Historically, Oregon treated adult and juvenile offenders qualitatively differently. Under all of Oregon’s previous sentencing schemes, the sanction imposed for statutory rape could vary with the circumstances of the particular *593crime. Bluntly: Some statutory rapes were “graver” than others, and the “harshness” of the punishment concomitantly varied. One historical reality remains: Before Measure 11, there were no reported cases of Oregon juvenile ever being sentenced to six years in prison for statutory rape.
II. SENTENCES IMPOSED FOR OTHER CRIMES IN OREGON
In Solem, the Court stated: “If more serious crimes are subject to the same penalty, or to less serious penalties, that is some indication that the punishment at issue may be excessive.” 463 US at 291. In this case, that comparison is shocking.

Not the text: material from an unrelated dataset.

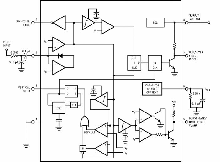 芯片也可以用于非標(biāo)準(zhǔn)或者行頻速度更快的視頻信號。標(biāo)準(zhǔn)視頻信號的場脈沖輸出開始于輸入信號的場脈沖沿,而當(dāng)輸入的是非標(biāo)準(zhǔn)視頻信號時,場脈沖輸出在特定延遲后發(fā)生。

Under Measure 11 (ORS 137.707), defendant will receive the same 75-month mandatory sentence as a defendant convicted of manslaughter in the second degree. That crime includes reckless homicide, or criminally negligent homicide that causes the death of a child under the age of 14 if the perpetrator has previously assaulted or tortured the child. ORS 163.125.
Under Measure 11, defendant will receive a greater sentence than defendants convicted of:
• Robbery in the second degree, which involves threats of physical force during a theft, committed either with a weapon or with an accomplice (70 months). ORS 164.405; ORS 137.707(4)(a)(R).
• Assault in the second degree, which involves either intentionally or knowingly causing serious physical injury to another, or intentionally or knowingly causing physical injury to another by means of a deadly or dangerous weapon, or recklessly causing serious physical injury to another by means of a deadly or dangerous weapon under circumstances manifesting extreme indifference to the value of human life (70 months). ORS 163.175; ORS 137.707(4)(a)(G).
• Compelling prostitution, which involves the use of force or intimidation to compel another to engage in prostitution, or causing a child to engage in prostitution (70 months). ORS 167.017; ORS 137.707(4)(b)(C).
*594• Using a child in a display of sexually explicit conduct, which involves the creation of child pornography (70 months). ORS 163.670; ORS 137.707(4)(b)(B).
• Stalking, which involves knowingly alarming or coercing another person by engaging in repeated and unwanted contact with the person in violation of a court protective order (a presumptive sentence of anything from optional probation to 45 months’ imprisonment). ORS 163.732.
• Dismembering, mutilating, or engaging in sexual activity with a corpse (a presumptive sentence of probation to 16 months’ imprisonment). ORS 166.087.
With few exceptions, each of those crimes must be committed either intentionally or knowingly.8 Conversely, statutory rape is a strict liability crime. The victim’s “consent” to — here, initiation of— the conduct is immaterial.9 Moreover, the state need not prove that a defendant acted intentionally, knowingly, recklessly, or even negligently. In fact, the sentencing court in this case specifically found that defendant did not know that the victim was under 14.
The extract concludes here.